Ich habe auch festgestellt, welche Formate im Digitalen viel besser funktionieren. Beispielsweise begleite ich regelmäßig eine Gruppe mit 20-30 Personen. Sie arbeiten sehr gerne im Plenum, wo alle Themen im Detail ausdiskutiert werden. Und mit den Methoden, die ich ihnen im digitalen Raum angeboten habe, waren sie plötzlich viel strukturierter und effizienter.
Aber natürlich fehlt der persönliche Kontakt, der Austausch in den Pausen, das Kennenlernen - auch abseits der Workshopprogramme. Man bekommt in Präsenz von den anderen Menschen eben viel mehr mit. Das auszugleichen, sehe ich auch als wichtigen Teil meiner Arbeit.

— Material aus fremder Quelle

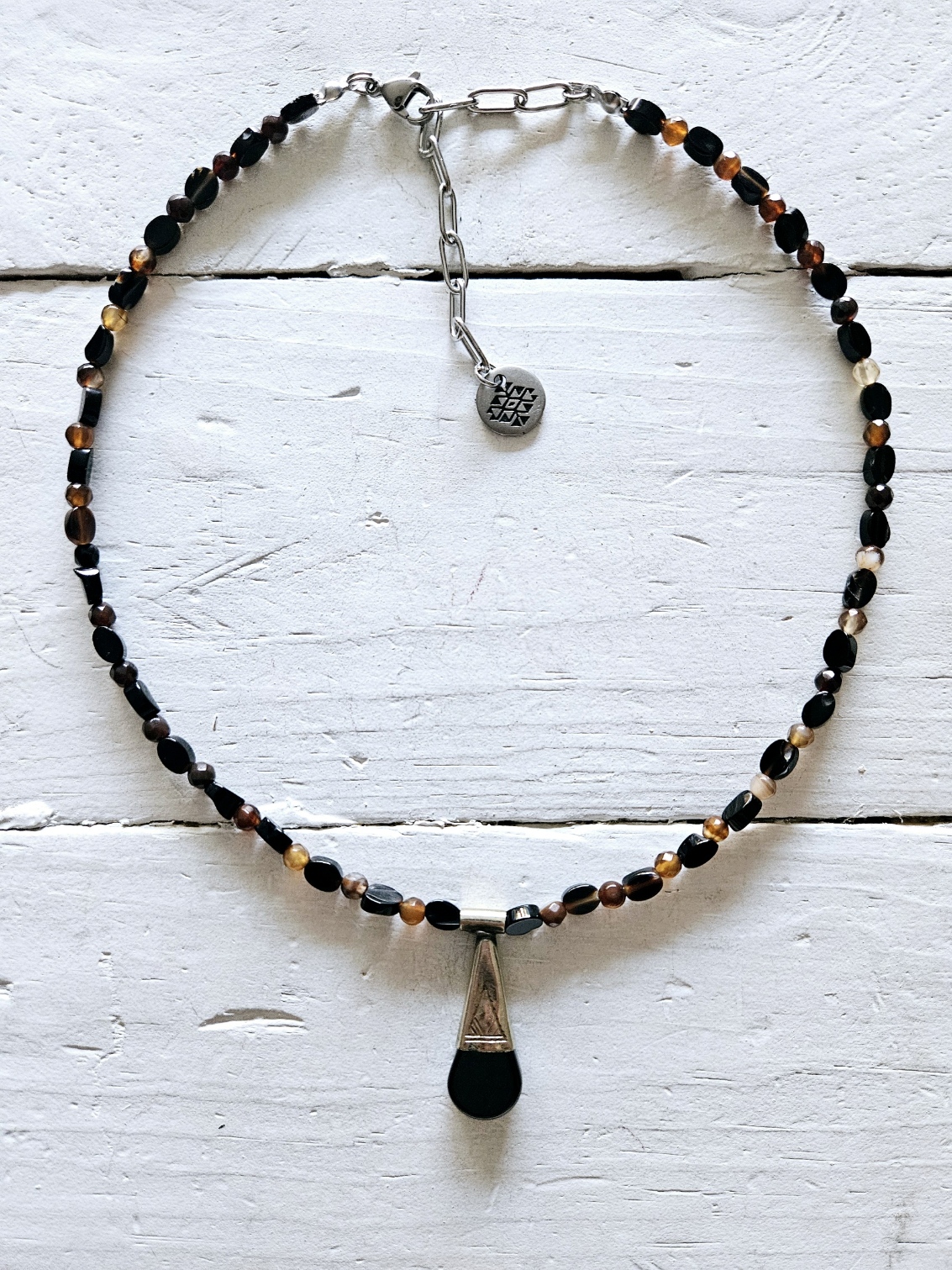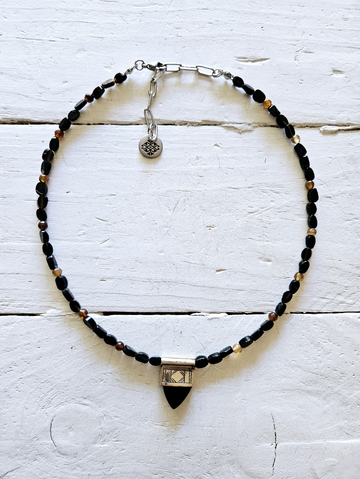 Gargantilla de ágatas facetadas en color negro chispeado de marrón y colgante de mini amuleto bereber. Tamaño del colgante 1,5cm, aprox. tamaño de las piedras 3mm. aprox. Largo ajustable con extensor de 5cm.

Welche Tipps hast du für digitale Veranstaltungsformate?
Die wichtigste Lektion ist wohl, dass man nicht einfach Konzepte aus dem Analogen eins zu eins ins Digitale übertragen kann. Digitale Zusammenkünfte sind viel anstrengender und brauchen viel mehr Energie. Das liegt unter anderem daran, dass wir unterbewusst ständig nach nonverbalen Signalen suchen, die wir in Präsenz bekommen. Dazu kommt die schlechtere Akustik, Anspannung, schlechte Körperhaltung und zu wenig Bewegung. Das alles führt dazu, dass wir nach vier Stunden Online-Workshop so erschöpft sind, wie nach acht Stunden in Präsenz.
Daher habe ich drei Faustregeln für die Umsetzung digitaler Angebote:
- Macht weniger: Reduziert euer Programm. Konzentriert euch nur auf euer Kernziel. Macht regelmäßige Pausen.
- Ermöglicht Interaktion und Austausch: Inputs und Wissensvermittlung können wir im Digitalen asynchron leisten. Das Wertvolle an der gemeinsamen Zeit ist der Austausch.
- Mut zur Lücke. Im Digitalen sind wir alle wieder Lernende. Das ist okay und das könnt ihr auch gerne transparent machen. Nutzt die Möglichkeiten miteinander und voneinander zu lernen.
Was ist aktuell dein meistgenutztes Tool – hast du einen Geheimtipp?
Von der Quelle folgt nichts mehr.